Work order:
Look below for the line with "To see reviews"; begin the copy there and stop after the line with "Sailing Experience】The folding", keeping the text exact and the pictures out.

Data for review Block Start

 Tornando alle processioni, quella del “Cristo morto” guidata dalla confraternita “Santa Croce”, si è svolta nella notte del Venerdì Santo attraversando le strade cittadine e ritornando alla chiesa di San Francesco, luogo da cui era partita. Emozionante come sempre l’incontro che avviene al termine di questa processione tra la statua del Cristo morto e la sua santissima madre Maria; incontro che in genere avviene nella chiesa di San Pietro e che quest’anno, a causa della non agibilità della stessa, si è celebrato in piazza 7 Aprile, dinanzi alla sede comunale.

Data for review Block End
Data for review Block Start

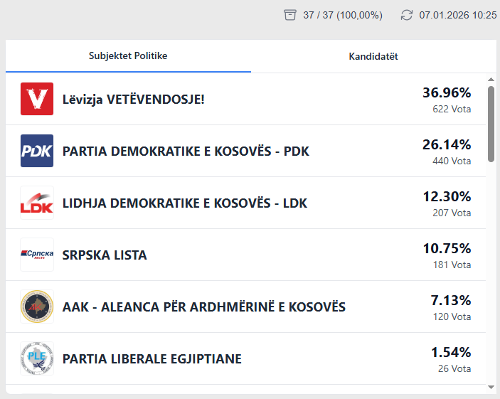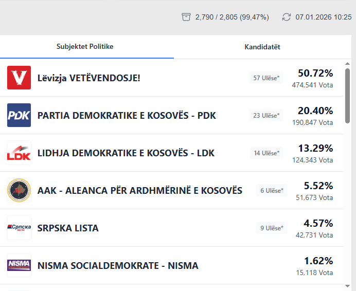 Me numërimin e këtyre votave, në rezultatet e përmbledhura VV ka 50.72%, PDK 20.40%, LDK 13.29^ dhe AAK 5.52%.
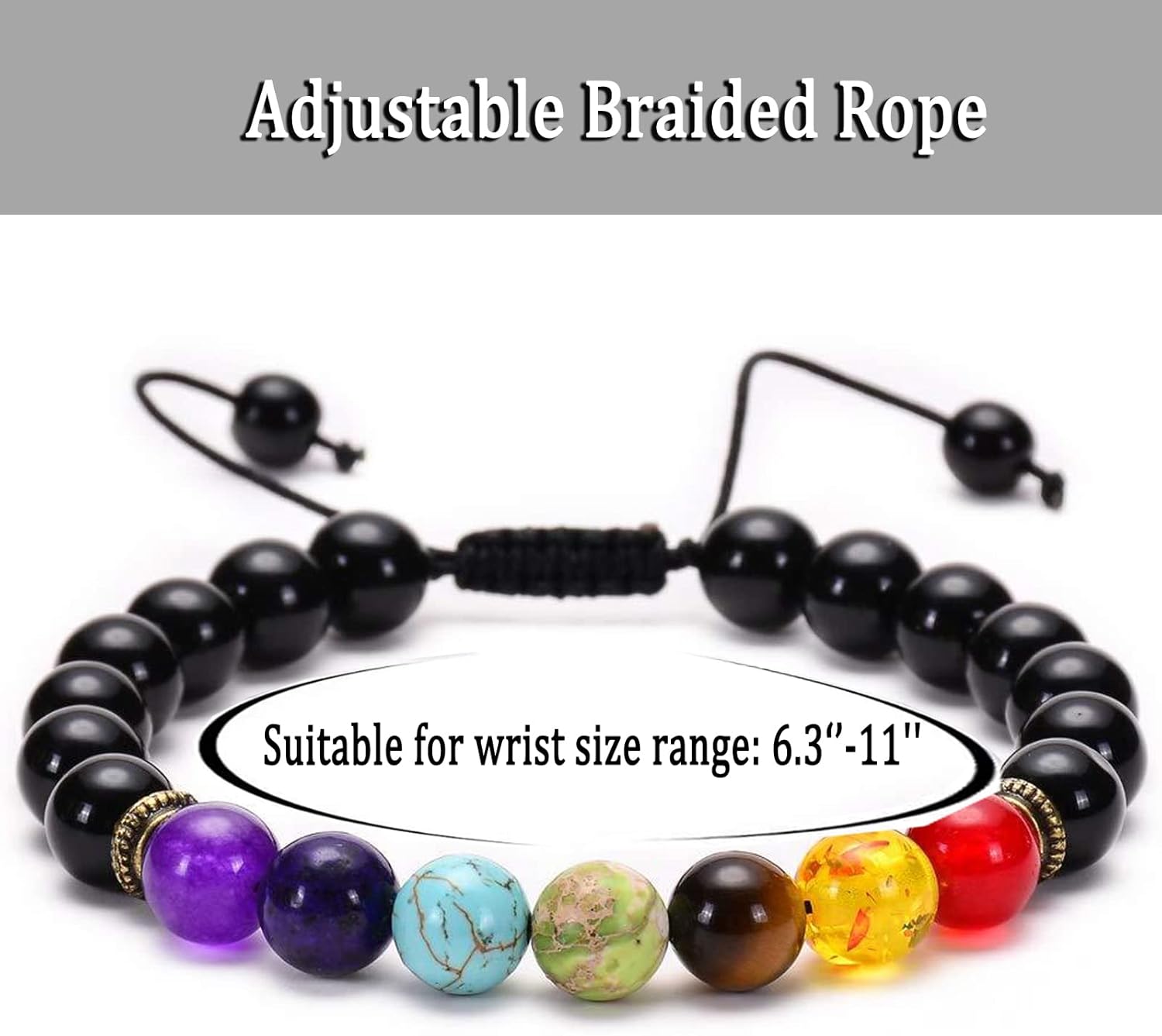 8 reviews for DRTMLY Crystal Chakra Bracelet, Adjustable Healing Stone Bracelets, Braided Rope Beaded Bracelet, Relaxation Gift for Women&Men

Data for review Block End
Data for review Block Start

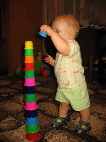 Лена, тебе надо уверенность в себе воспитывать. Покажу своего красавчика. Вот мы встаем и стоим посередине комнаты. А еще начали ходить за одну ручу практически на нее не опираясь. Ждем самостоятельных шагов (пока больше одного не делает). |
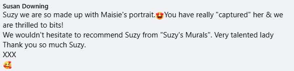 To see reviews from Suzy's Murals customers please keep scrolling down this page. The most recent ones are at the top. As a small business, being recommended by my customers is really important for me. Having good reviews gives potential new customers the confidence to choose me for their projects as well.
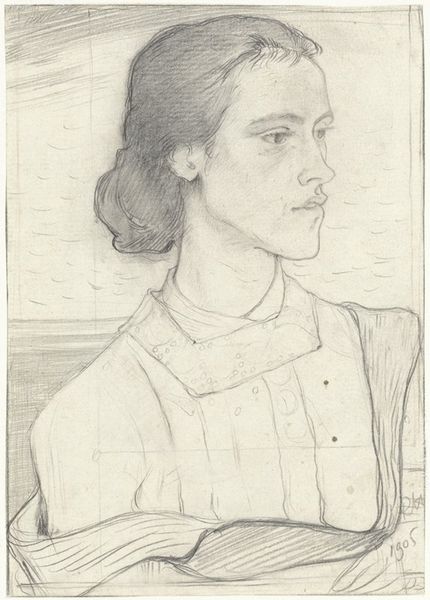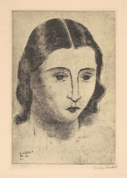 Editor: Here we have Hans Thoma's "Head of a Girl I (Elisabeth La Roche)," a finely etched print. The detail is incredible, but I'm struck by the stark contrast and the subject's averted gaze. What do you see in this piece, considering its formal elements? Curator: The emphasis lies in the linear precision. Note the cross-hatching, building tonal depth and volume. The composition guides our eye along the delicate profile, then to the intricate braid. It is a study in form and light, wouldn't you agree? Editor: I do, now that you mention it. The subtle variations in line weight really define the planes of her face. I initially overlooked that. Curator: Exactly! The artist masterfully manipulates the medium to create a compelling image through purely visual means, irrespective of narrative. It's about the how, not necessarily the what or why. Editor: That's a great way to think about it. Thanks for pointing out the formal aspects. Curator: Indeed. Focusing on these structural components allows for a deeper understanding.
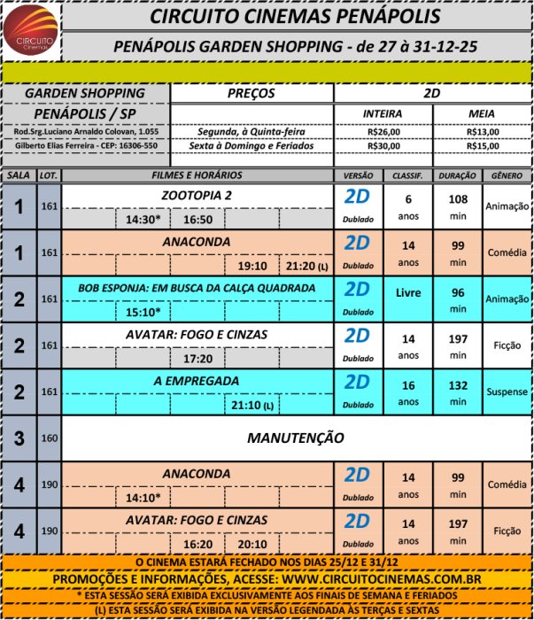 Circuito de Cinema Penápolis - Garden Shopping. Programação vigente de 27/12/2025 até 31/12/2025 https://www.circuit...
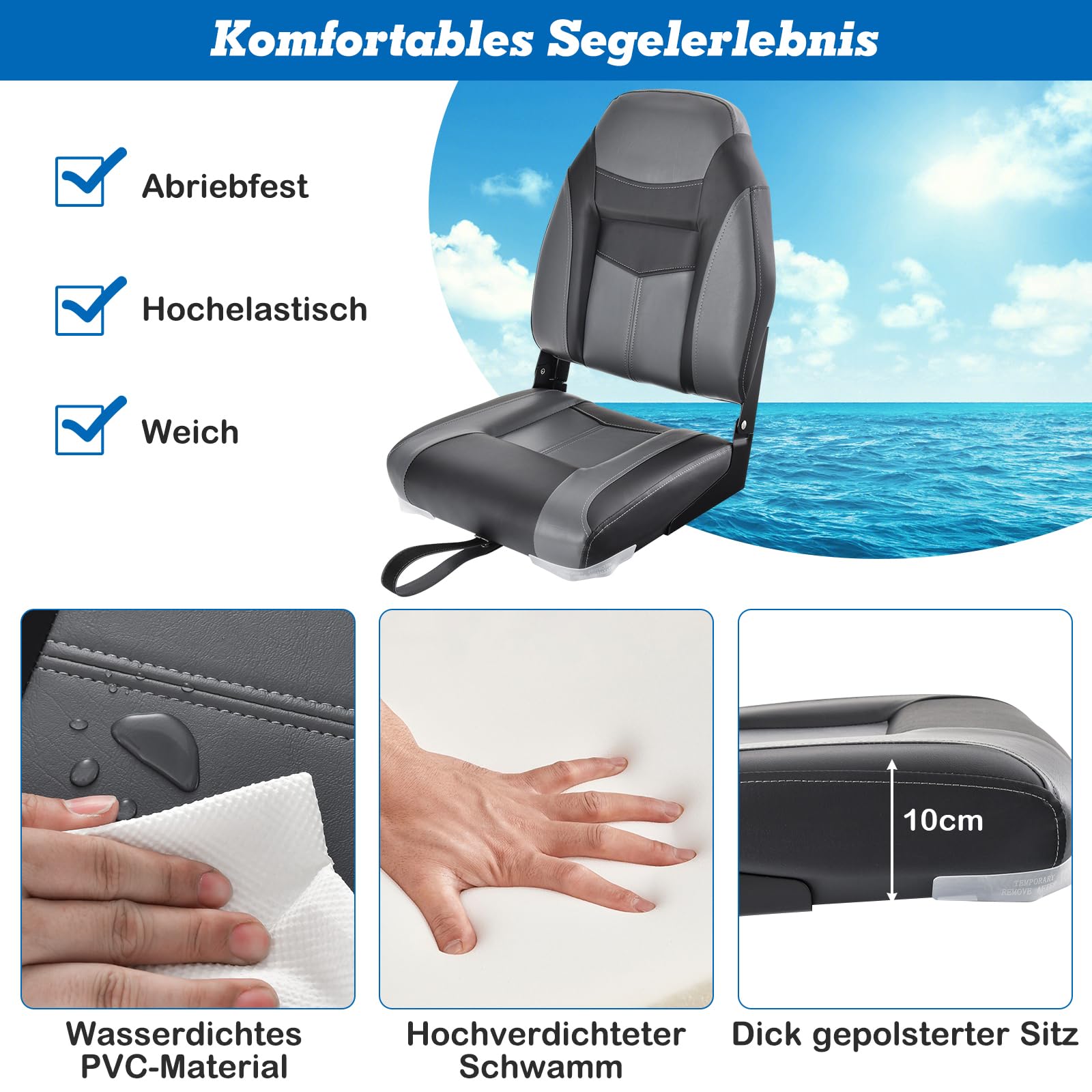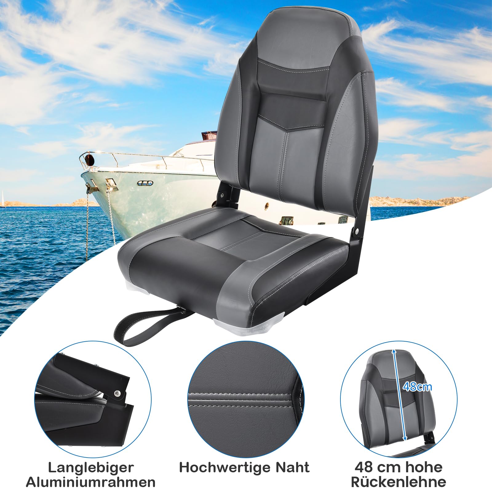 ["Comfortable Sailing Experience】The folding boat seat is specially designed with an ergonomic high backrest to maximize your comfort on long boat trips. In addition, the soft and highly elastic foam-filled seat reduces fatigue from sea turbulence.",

Data for review Block End

Solved exercise:
 To see reviews from Suzy's Murals customers please keep scrolling down this page. The most recent ones are at the top. As a small business, being recommended by my customers is really important for me. Having good reviews gives potential new customers the confidence to choose me for their projects as well.
 Editor: Here we have Hans Thoma's "Head of a Girl I (Elisabeth La Roche)," a finely etched print. The detail is incredible, but I'm struck by the stark contrast and the subject's averted gaze. What do you see in this piece, considering its formal elements? Curator: The emphasis lies in the linear precision. Note the cross-hatching, building tonal depth and volume. The composition guides our eye along the delicate profile, then to the intricate braid. It is a study in form and light, wouldn't you agree? Editor: I do, now that you mention it. The subtle variations in line weight really define the planes of her face. I initially overlooked that. Curator: Exactly! The artist masterfully manipulates the medium to create a compelling image through purely visual means, irrespective of narrative. It's about the how, not necessarily the what or why. Editor: That's a great way to think about it. Thanks for pointing out the formal aspects. Curator: Indeed. Focusing on these structural components allows for a deeper understanding.
 Circuito de Cinema Penápolis - Garden Shopping. Programação vigente de 27/12/2025 até 31/12/2025 https://www.circuit...
 ["Comfortable Sailing Experience】The folding boat seat is specially designed with an ergonomic high backrest to maximize your comfort on long boat trips. In addition, the soft and highly elastic foam-filled seat reduces fatigue from sea turbulence.",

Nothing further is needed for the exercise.